I believe that, provided the pin number is a constant, digitalReadFast(N) will compile to a single assembler instruction.
Yes, or at least the minimum possible number of instructions.
Unlike AVR which has dedicated I/O instructions, ARM has only general purpose load and store instructions. The I/O registers have atomic set and clear registers, which digitalWriteFast() uses, so only a single store instruction is generated. But at least 2 other instructions are needed, to initialize one register with the address and another with the data. Then the store instruction happens, using those 2 values. Neither can get encoded directly into the instruction, as is done on AVR for the first few 8 bit ports.
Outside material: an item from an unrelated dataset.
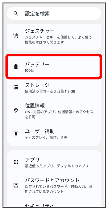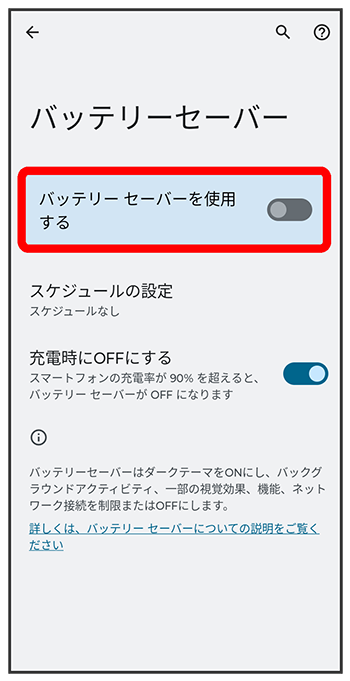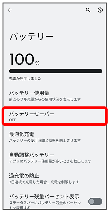 - と操作すると、電池残量に応じてバッテリーセーバーを有効にすることができます。

Depending on your surrounding code, often the compiler will move those other 2 initialization instructions outside of loops, so it can reuse the values if you're doing more than 1 digitalWriteFast(). But if you're calling other functions or doing a lot of math that requires keeping many local variables or temporary results, or even similar expressions used multiple times, the compiler might decide those registers are better allocated to speed up your other code. Then it would put the initialization near the store instruction.
DigitalReadFast does the same, with a single load instruction. It returns 0 or 1, but since it's inline, if your surrounding code only checks boolean true vs false, the compiler will optimize away the conversion from the bitmask to specific numerical values 0 or 1.
Doesn't the K20 have an interrupt cause-choice of "EITHER" for edge detection?
Yes, the pin interrupt hardware supports rising, falling, or both edges, as well as both low and high level sensitive. Details are in section 11.14.1 of the reference manual.